Methyl N-methoxycarbonylimidates (1)–(4) cyclized readily with 2-cyanoacetamide (5) or 2-cyanoethanethioamide (6) to 2,4-dioxopyrimidine-5-carbonitriles (7)–(10) or 2-oxo-4-thioxopyrimidine-5-carbonitriles (11) and (12). In analogous reactions with alkyl N-acylimidates (15)–(19) 4-oxo-pyrimidine-5-carbonitriles (20)–(23) or 4-thioxopyrimidine-5-carbonitrile (24) were obtained. Representatives of 4-thioxopyrimidine-5-carbonitriles (11), (24) were methylated to 4-methylthio-pyrimidine-5-carbonitriles (13) and (25) or cyclized with methyl chloroacetate to give methyl thieno[2,3-d]pyrimidine-6-carboxylates (14) and (26)

On the reaction of chalcone with ethyl cyanoacetate

Abstract The recently reported condensation of chalcone with ethyl cyanoacetate is discussed and a cyclohexanol structure is proposed for the reaction product.

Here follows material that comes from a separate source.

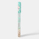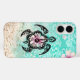A stylized tribal turtle design with intricate patterns is centered on a turquoise background, surrounded by delicate pink hibiscus flowers. The scene evokes a fun, beachy feel with its blend of nature-inspired elements.

Synthesis of isomeric 5-(phenylsulphonyl)pyrimidines

The reaction of alkyl N-cyanoimidates (1a–d) with (phenylsulphonyl)acetonitrile (2) and sodium meth-oxide afforded intermediate salts (3a–d), which were characterized as their conjugate acids (10b,c). Acidic hydrolysis of salts (3a–d) yielded 3-[(aminocarbonyl)amino]propenenitriles (4a–d), which cyclized to pyrimidin-2-ones (5a–d) upon dissolution in 2M-sodium hydroxide. These, in turn, were methylated to pyrimidin-4-amines (6a,c,d). The isomeric pyrimidin-4-ones (8a–d) were prepared unambiguously from the imidates (1a–d) and 2-(phenylsulphonyl)acetamide (7) and were methylated to pyrimidin-2-amines (9a–d). Hydrogen chloride induced a selective cyclization of the dicarbonitriles (10b,c) to 2-chloro-(11) or 4-chloro-pyrimidine (12). Several representatives of pyrimidinamines (6) and (9) were obtained alternatively by selective cyclizations of the salts (3).

Reaction of N-substituted acetohydrazides with 2-substituted cinnamonitriles. Competitive cyclizations to pyrazolo[3,4-b]pyridinones and [1,2,4]triazolo[1,5-a]pyridinones

A novel synthesis of pyrazolo[3,4-b]pyridinones 9 from 2′-acyl-2-cyanoacetohydrazide 5 and arylidenecyanoacetates 6 is described. In the reaction, an alternative cyclization leading to [1,2,4]triazolo[1,5-a]pyridinones takes place. Compounds 9 were isolated from the reaction mixture as the corresponding piperidinium salts due to the high stability of the heterocyclic anion. Acidification with dilute hydrochloric acid yielded the neutral pyrazolo[3, 4-b]pyridinone. Depending on the reaction conditions, the corresponding intermediate dihydropyridinone 12 and pyrazolo derivatives 16 were also obtained.

N-amino-2-pyridones from acetohydrazide derivatives

The synthesis of a variety of N-amino-2-pyridones from ethoxycarbonyl acetohydrazide (1) is described. α-Benzoylcinnamonitriles (2) react with (1), in two different ways, giving rise to two kinds of N-aminopyridones (4) and (5) depending upon the cyclization taking place at the carbonyl or cyano group. Reaction of (1) with ethyl α-cyanocinnamates (10) involves cyclization at the cyano group affording the diaminopyridones (11). In contrast, ethyl malonamate (18) reacts with (10) at the ester group, leading to piperidinediones (20). Aromatic rings obtained by oxidation of some of the above compounds are also reported.